=== Data under study ===

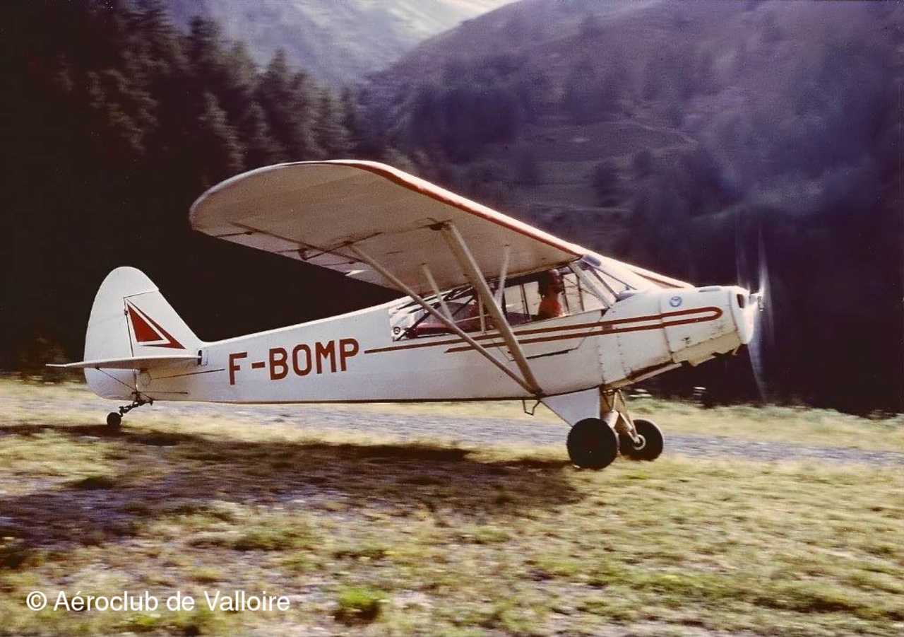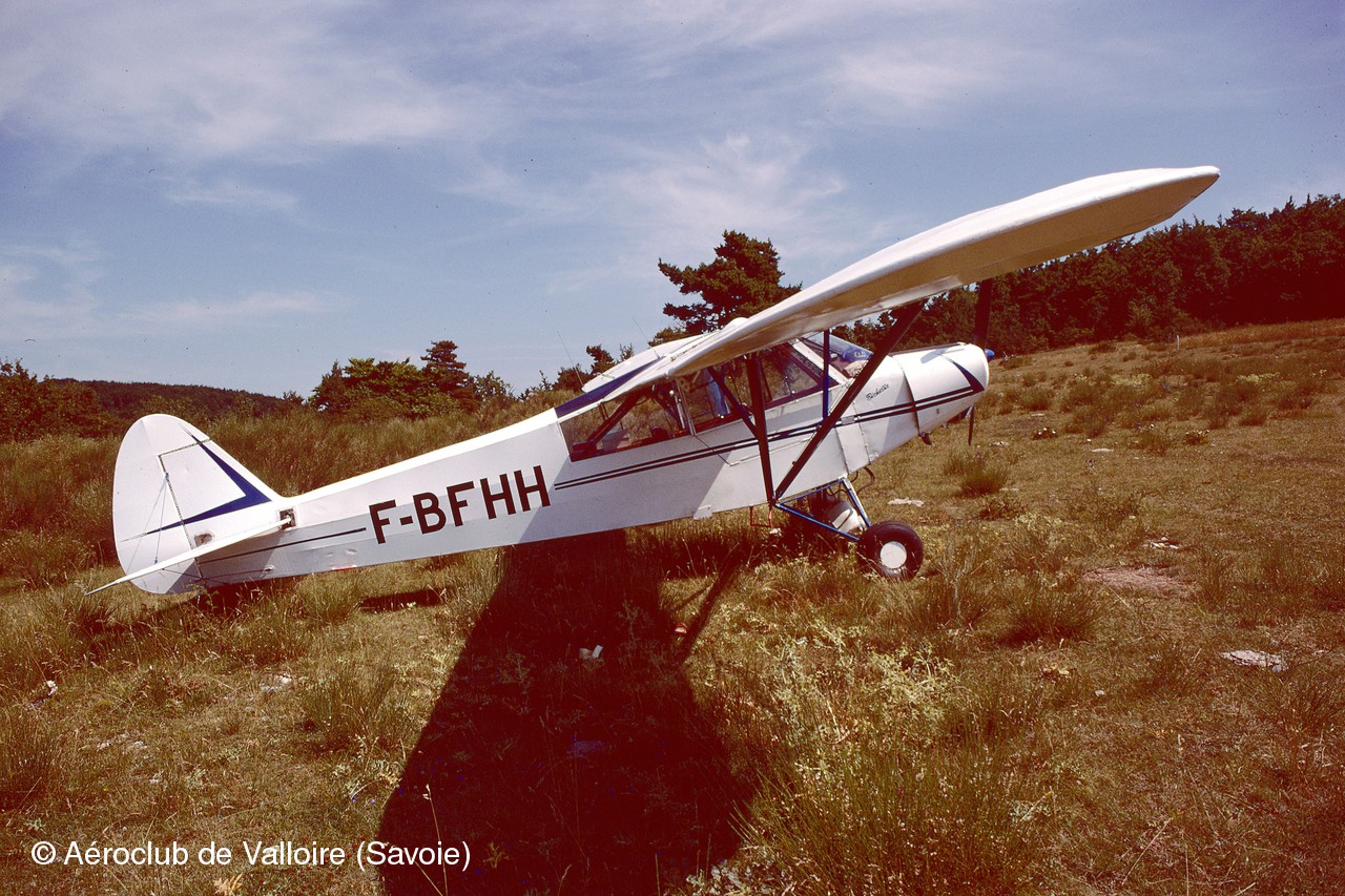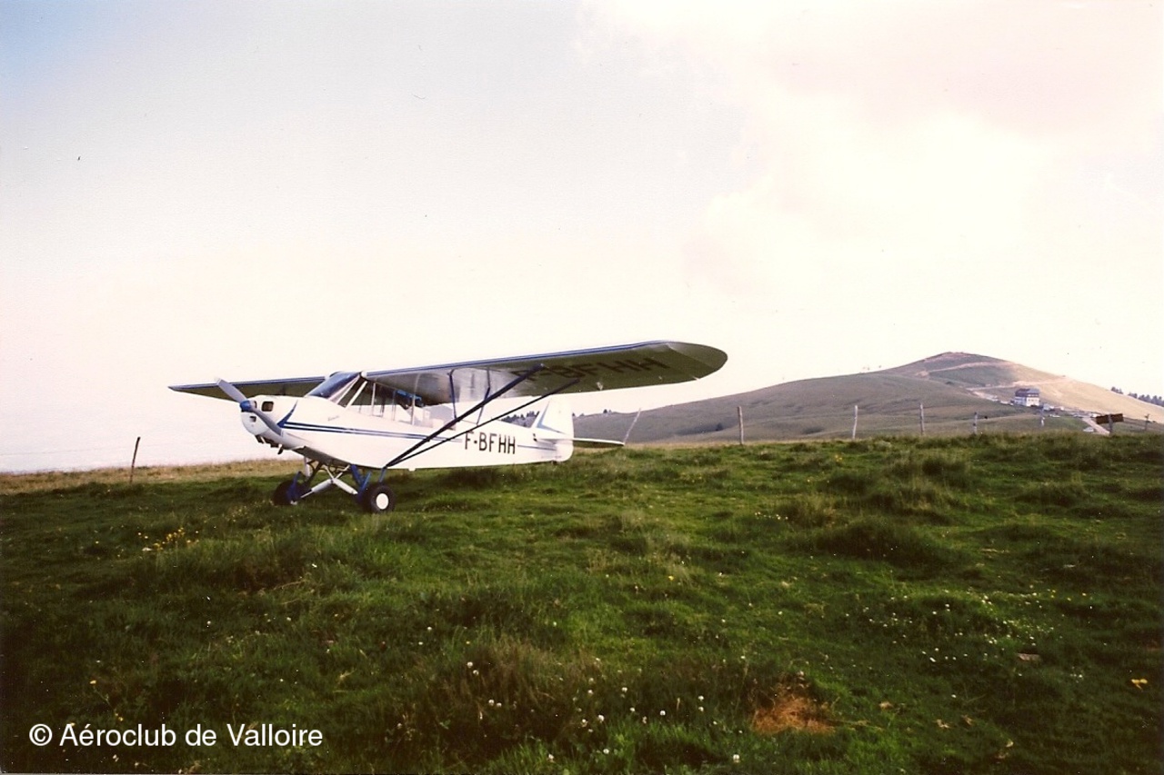 APR1991, Piper L-18C F-BFHH au pied de la Grande Fourche, vu depuis l'aire de pique-nique au Col des Fourches. (diapo Kodachrome_25 numérisée)
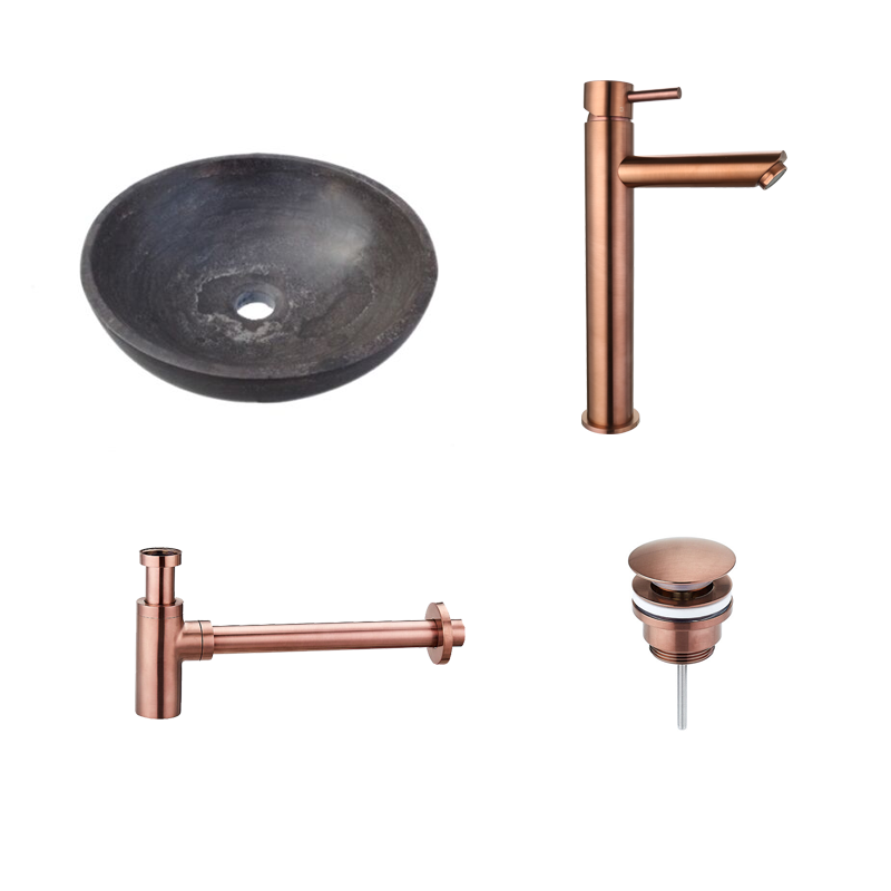 Badkamerplanet Natuurstenen Waskomset Rond Brons Opbouwkraan 38x38x12 cm
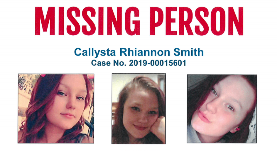 15-year-old Callysta Smith was last seen on March 04, 2019 at approximately 8:30 p.m. Smith is a white female approximately 5 feet 8 inches tall with red/brown hair and green eyes. She was last seen wearing a red Pittsburg State University hoodie, sweatpants, with black and white checkered Vans shoes. Smith is Type 1 Diabetic and left her residence without her medication.
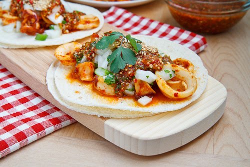 Sweet Potato and Black Bean Tacos with Swiss Chard Pesto
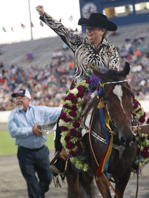 The eight-horse finale had an equal array of favorites spreading the crowd’s support across the board. After normal rail work, saddles came off as entries were judged on their conformation prior to all eight going back on the rail. Just as enthusiasm was at an all-time high and the horses were about to head to the line-up, one horse, A Bruce Pearl, threw a shoe and another rider, Chad Way, lost his stirrup, both which caused a slight delay in the show. After the timeout was finished and just before 11:30 p.m., organist Larry Bright appropriately played ”All Shook Up,” then “I Love You Just the Way You Are” before the contenders made one more pass along the rail before the winner was finally announced.
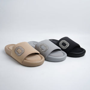 Alayna Fashion | Luxe Crystal Buckle Padded Comfort Slides
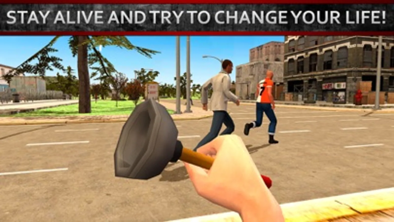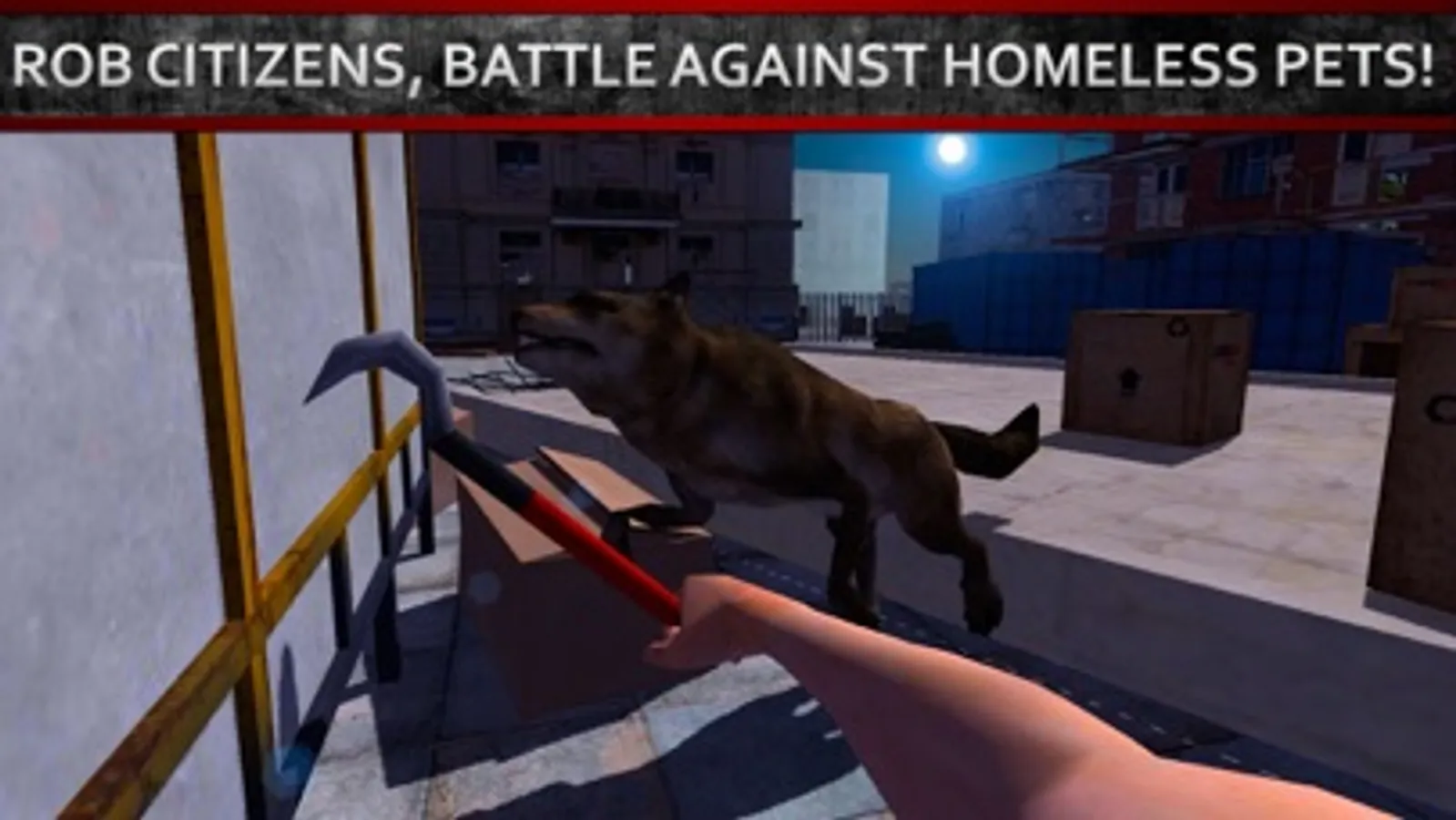- Great homeless survival simulator – explore city streets, hunt for animals, dig through garbage, craft weapons and survival tools to stay alive

===

- _Task brief_: The answer must be an exact copy of the lines from the start of the records above through the line containing "Badkamerplanet Natuurstenen Waskomset", with no pictures in it.

- _Written solution_:
 APR1991, Piper L-18C F-BFHH au pied de la Grande Fourche, vu depuis l'aire de pique-nique au Col des Fourches. (diapo Kodachrome_25 numérisée)
 Badkamerplanet Natuurstenen Waskomset Rond Brons Opbouwkraan 38x38x12 cm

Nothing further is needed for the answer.